Our ultimate goal is NOT to get rich, is NOT to be famous, is NOT to be valued billions of rubles.

We want to be free, we want to work on the projects that motivate us, we want to make our own decisions and decide when it's good to work and when it's not.

For me this is the most motivating part of this adventure. I can totally relate to this article and it even gives me hope in our way of doing things.

2 comments

I thought this was the general idea of starting a business. I think few people start a business thinking they're going to be worth billions. Hell, an acquaintance started a publishing business and is now selling millions of books in niches like "colouring books for adults". He is financially set and could sell for many millions, but few people would ever hear of him or his company. Yet this is fantastically beyond the success of most people.

Are founders actually so delusional that they're really buying into the whole billion+ idea at the outset instead of thinking of how to make a business? That seems rather silly. (Unless the real goal is to find a way to get a couple million personally out of the first few funding rounds. In that case, perhaps it's not a bad gamble.)

Coloring books for adults isn't so niche anymore. I'm seeing them everywhere lately.
Make a living basically? Can work on both ends, like cutting your costs. I wonder how much you would have to be living on annually in order to have a decent idea work? Is $20k too high?

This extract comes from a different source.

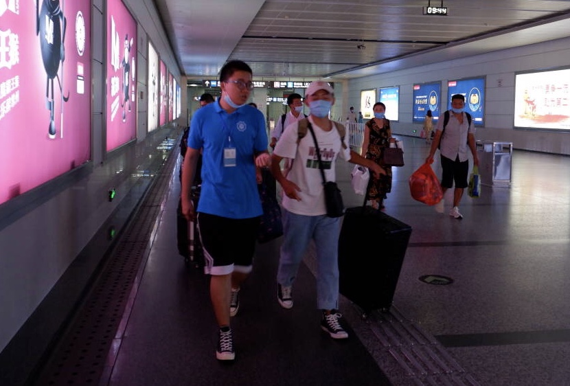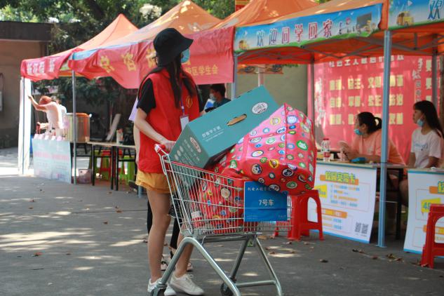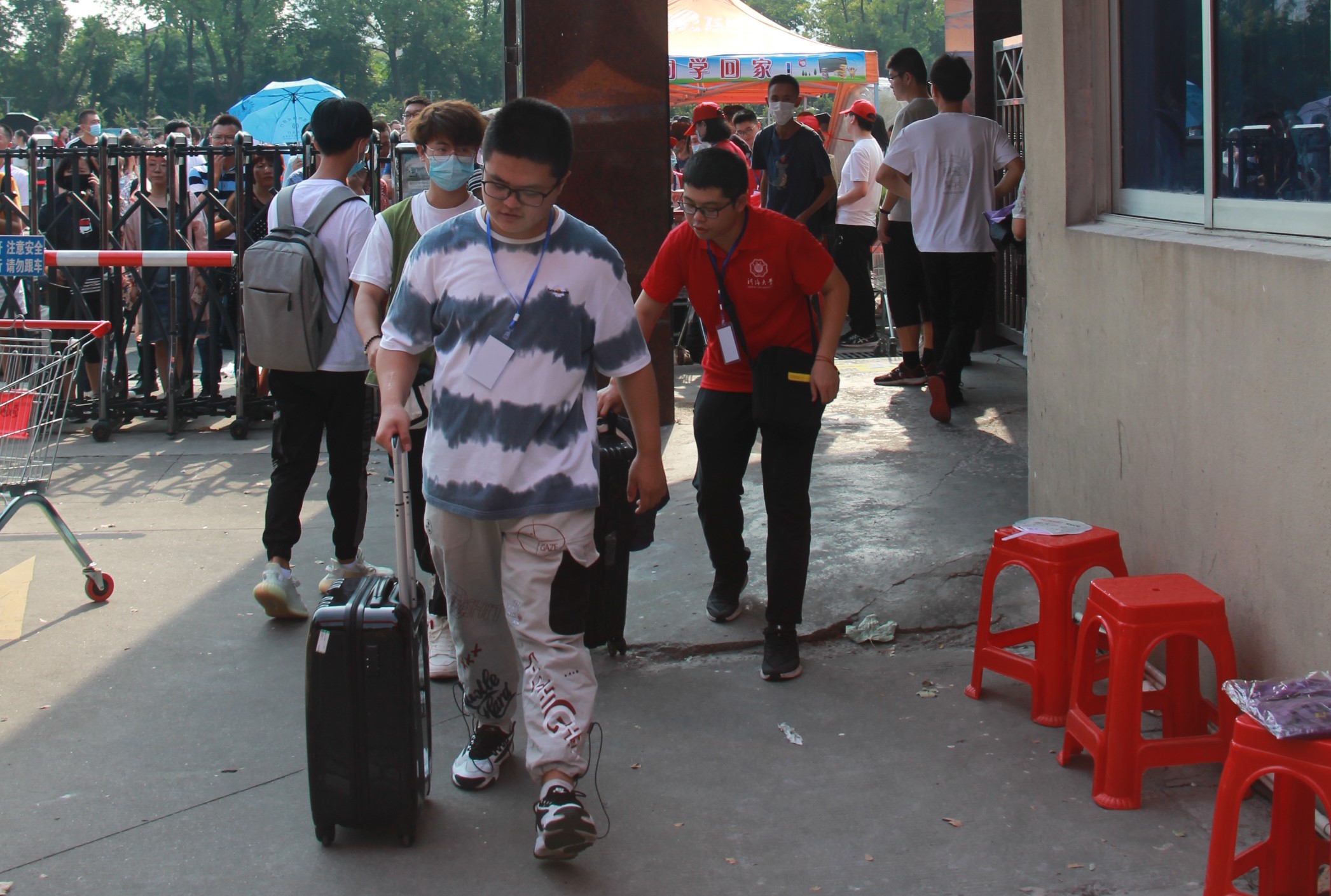因为疫情缘故,家长不能进校,学长学姐们热心帮助新生将所有行李都提到宿舍。

I've been working on that more than my startup recently.

We could live on $20k annually for at least 4 years. Now I am trying to figure out a SaaS that could generate that within a couple of months. I don't mind fighting with price even though that's what you're not supposed to do.

Maybe I should have added the 3 of us are still employed in companies. So we are in a somewhat comfortable position. we are already making a little bit of money that compensate for the administrative and infrastructure costs (which are ridiculously low at the moment).

We estimate that the company should earn around 25k € every month so we could quit our jobs but again our costs are very low so far.

I'm not sure to properly understand your question here ; you want to have a side business so you can concentrate on your main startup?

Anyway, good luck with your business(es)!

Nah I actually have no employment (no cultural fit anywhere) - so I am focusing on (or figuring out) building something that could generate income pretty quickly, though I understand the size of the income wouldn't be big, so I've cut all my costs down for me and my family to $20k annually.

Living on savings for now, which runs out in a couple of weeks.

> We could live on $20k annually for at least 4 years.

Is this also accounting for retirement? If so, kudos! :-)

No because it would be for four years only.